### Work instruction:
Without copying any pictures, restate exactly the lines from the start of the records through the line containing "自贡的另一道名菜鲜锅兔,据说".
(Recorded information)
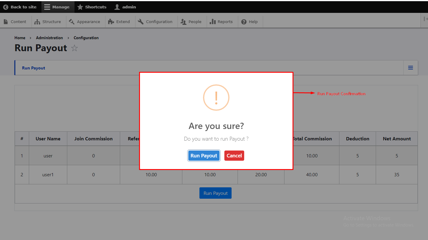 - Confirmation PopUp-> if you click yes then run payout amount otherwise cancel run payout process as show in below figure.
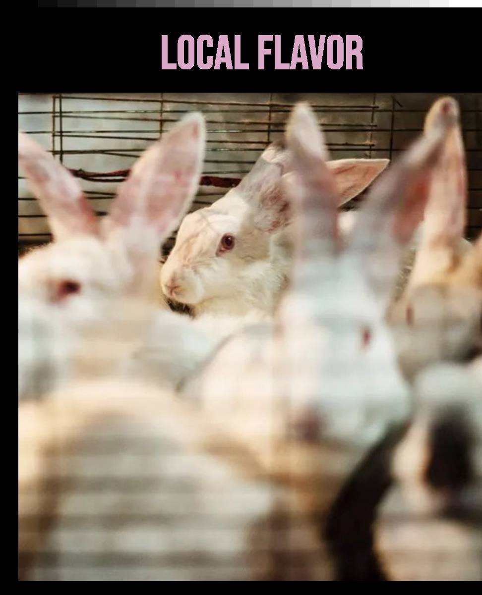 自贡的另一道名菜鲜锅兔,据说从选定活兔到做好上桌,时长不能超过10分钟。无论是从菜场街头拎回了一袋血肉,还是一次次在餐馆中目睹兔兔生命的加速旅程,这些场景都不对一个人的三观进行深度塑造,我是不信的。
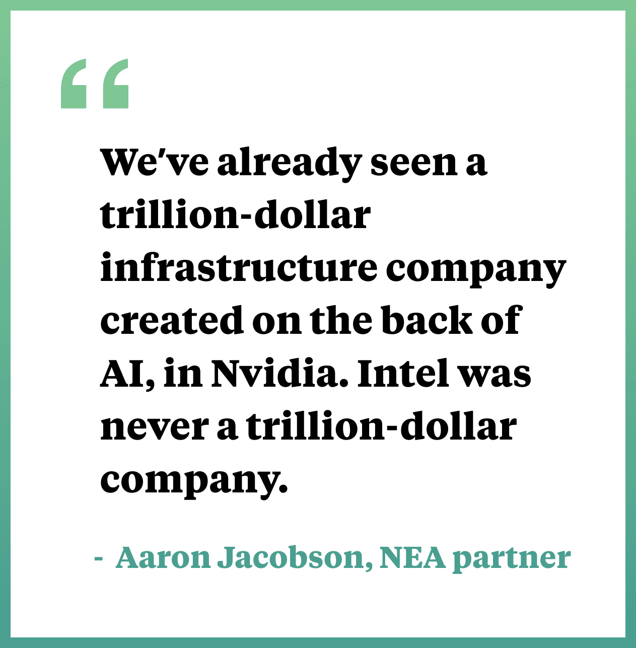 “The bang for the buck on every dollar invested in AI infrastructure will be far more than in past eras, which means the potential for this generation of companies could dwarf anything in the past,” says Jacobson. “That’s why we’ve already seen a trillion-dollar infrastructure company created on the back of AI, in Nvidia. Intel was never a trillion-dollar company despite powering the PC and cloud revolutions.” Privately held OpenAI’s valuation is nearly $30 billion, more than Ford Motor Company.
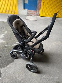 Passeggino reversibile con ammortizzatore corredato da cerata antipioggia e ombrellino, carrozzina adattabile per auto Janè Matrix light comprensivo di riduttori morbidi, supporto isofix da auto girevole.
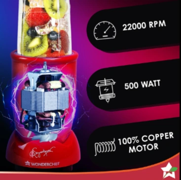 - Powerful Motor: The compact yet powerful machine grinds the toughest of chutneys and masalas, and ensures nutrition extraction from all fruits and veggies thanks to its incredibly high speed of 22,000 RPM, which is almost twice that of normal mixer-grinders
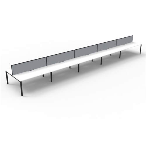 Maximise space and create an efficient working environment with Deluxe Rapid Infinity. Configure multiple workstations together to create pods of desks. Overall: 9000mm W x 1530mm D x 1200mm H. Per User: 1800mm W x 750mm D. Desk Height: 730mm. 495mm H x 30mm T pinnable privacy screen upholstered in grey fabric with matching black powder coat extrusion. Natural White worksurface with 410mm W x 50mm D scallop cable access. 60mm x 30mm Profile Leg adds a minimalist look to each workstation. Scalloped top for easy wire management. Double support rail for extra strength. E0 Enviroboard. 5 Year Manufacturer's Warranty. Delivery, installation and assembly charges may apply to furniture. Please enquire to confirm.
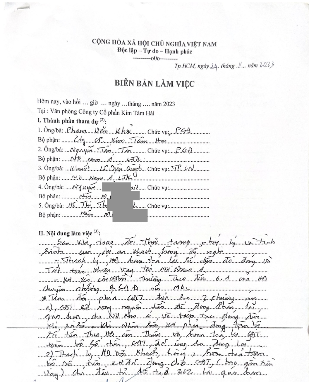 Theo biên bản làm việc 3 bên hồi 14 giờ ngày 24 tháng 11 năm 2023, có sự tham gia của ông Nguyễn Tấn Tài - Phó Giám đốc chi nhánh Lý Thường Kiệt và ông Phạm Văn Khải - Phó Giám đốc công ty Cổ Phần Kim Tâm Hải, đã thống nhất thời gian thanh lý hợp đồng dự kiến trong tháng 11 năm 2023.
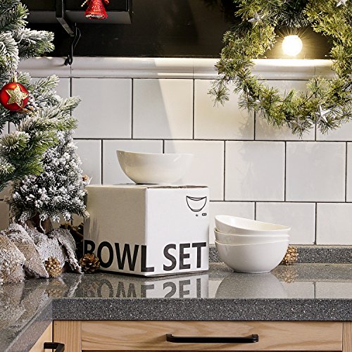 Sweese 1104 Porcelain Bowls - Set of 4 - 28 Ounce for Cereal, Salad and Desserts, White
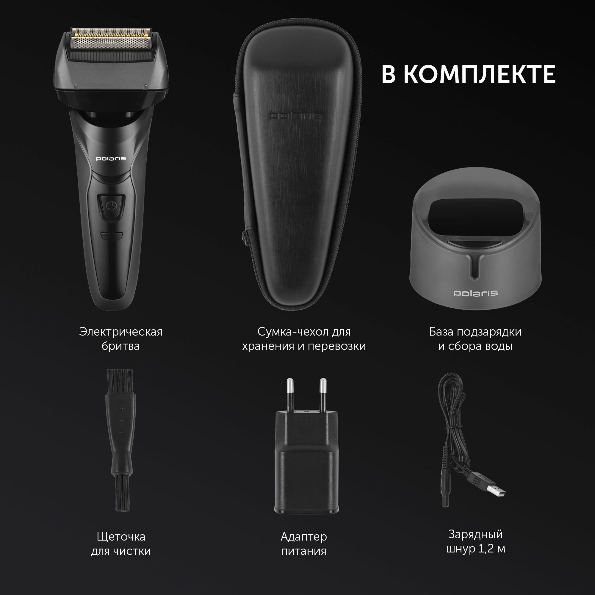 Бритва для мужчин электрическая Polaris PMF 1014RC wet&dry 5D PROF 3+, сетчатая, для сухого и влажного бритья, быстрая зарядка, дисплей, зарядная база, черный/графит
(End Recorded information)
### Answer for this exercise:
 - Confirmation PopUp-> if you click yes then run payout amount otherwise cancel run payout process as show in below figure.
 自贡的另一道名菜鲜锅兔,据说从选定活兔到做好上桌,时长不能超过10分钟。无论是从菜场街头拎回了一袋血肉,还是一次次在餐馆中目睹兔兔生命的加速旅程,这些场景都不对一个人的三观进行深度塑造,我是不信的。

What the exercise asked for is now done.